9:55 am Armağan Öztürk, Siyaset

Seçimlere Doğru Siyasi İstikrar

Türk siyasetinde hep bir merkez sağ ve merkez sol parti oldu. Merkez sağ genelde yüzde 40, bazen ise yüzde 50 sınırını geçti. Merkez sol ise yüzde 30’un üstünde oy aldı. Ecevitli yıllarda olduğu üzere yüzde 40’ı zorlayıp geçtiği de oldu. 90’lı yıllar iki büyük parti hegemonyasının paramparça olduğu istisna bir dönem olarak tarihe geçti. Yüzde 25 oyla içinden cumhurbaşkanı ve başbakan çıkaran partiler 90’lara damgasını vurdu. AKP’nin hakim parti pozisyonu ile göreli bir istikrar kazansa da 90’lara dönüş trendi tekrar siyasi hayatı etkilemeye başladı. Geçen milletvekili seçimlerinde gördüğümüz ve bu yerel seçimlerde yeniden deneyimleyeceğimiz üzere merkez sol parti yüzde 20-25 aralığına sıkışmış durumda. AK Parti’nin toplumsal karşılığı ise yüzde 30’un biraz üzerinde tutunuyor.

Bu noktada rahatlıkla denilebilir ki Türk siyasetinde istikrar çıpası artık partiler ve meclis çoğunluğu değil. Cumhurbaşkanı seçimleri ve doğrudan doğruya Erdoğan’ın kendisi istikrarı sağlıyor. Kağıt üstünde bu argüman doğru. Sürekli olarak seçim kazanan bir liderin varlığı siyasi hayatı kararlılık içinde tutuyor. Ama Başkan Erdoğan aynı anda hem bürokrasi hem cumhurbaşkanı hem meclis hem de belediye olamıyor. Türkiye’nin tüm kriz kaynakları fark ederseniz bu alanlardan çıkmakta. Meclis’te kanun çıkarmak için MHP’ye muhtaç AK Parti. Bu zorunlu ihtiyaç MHP’yi devlet ve politik hayatta vesayet kurumu haline getiriyor. Bürokraside parlak ve liyakatli kadrolar bulmak giderek zorlaştı. Erdoğan kendi siyasi başarısına eş düzeyde bir bürokratik başarı istiyor. Ama rakamlar ortada. Ekonomi, eğitim ve sağlık başta olmak üzere belli başlı alanlarda yapısal sorunlar derinleşerek devam ediyor. Belediyeler ise ayrı bir mesele.
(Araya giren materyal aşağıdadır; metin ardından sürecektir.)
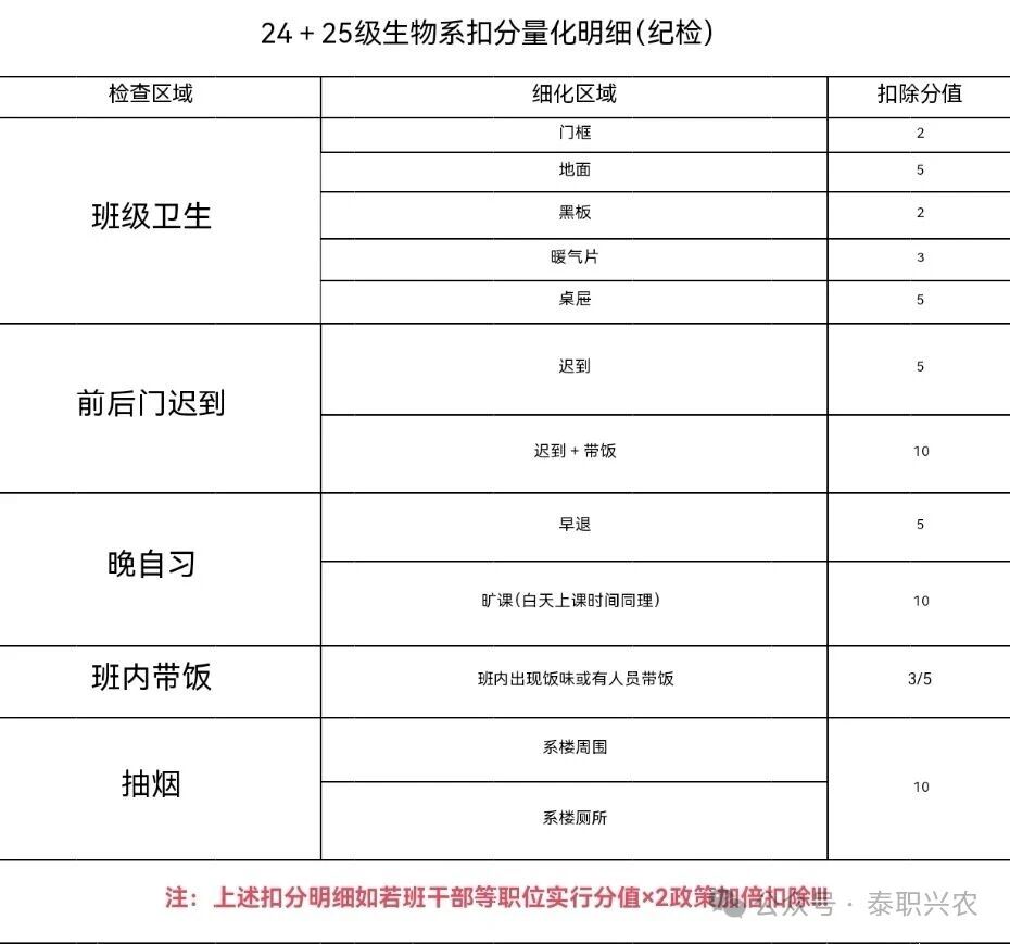 为规范学生日常行为,强化班级与个人纪律管理,现将生物系早操、纪检、宿舍量化扣分标准汇总如下,所有标准严格执行。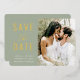 Invitation En Aluminium Photo Moderne Sage Vert Script Enregistrer La Date

Rejimin en büyük rakibi ülkenin en büyük kentinin belediye başkanı. Ayrıca Kürt hareketiyle kayyım gerginliği yaşanıyor. AK Parti ülkenin en büyük partisi hala. Ama İstanbul, Ankara ve İzmir’i alabilecek çapta aday çıkarmakta zorluk çekiyor. Ezcümle seçimlere doğru gözlemlediğimiz sağda AK Parti, solda ise CHP’nin merkez konumuna yönelik itirazın mayalandığı şeklinde.

Kentlere kuş bakışı baktığımızda manzara az çok ortaya çıkmakta: Kars’ta Ayhan Bilgen, Tunceli’de Hüseyin Aygün, Kırklareli’nde Serdar Türker, Yozgat, Elazığ ve Şanlıurfa’da Yeniden Refah, Samsun, Ordu, Edirne, Çanakkale, Erzurum ve Adana’da İyi Parti müesses nizamı zorluyor. Herkes AK Parti-CHP rekabetine odaklanmış durumda. Ama merkez partilerin daha da zayıfladığı, bağımsız adaylar, 3. Yol ve küçük partilerde büyük oy artışları gibi sonuçlarda karşımıza çıkan merkezkaç eğilimlerin siyasi hayatta daha baskın hale geldiğine tanıklık ediyoruz.

En başta ortaya koyduğumuz meseleye geri dönersek, merkezin ve merkez partilerin aşındığı bir siyasal iklimde sadece başkanın gücüne dayanarak siyasi istikrarı sağlamak gerçekten de mümkün mü? Bu sorunun muhtemel yanıtları geleceğimizi belirleyecek gibi.


*Yazılar, yazarlarının sorumluluğundadır, Fikirtepe‘nin kurumsal politikasını yansıtmayabilir.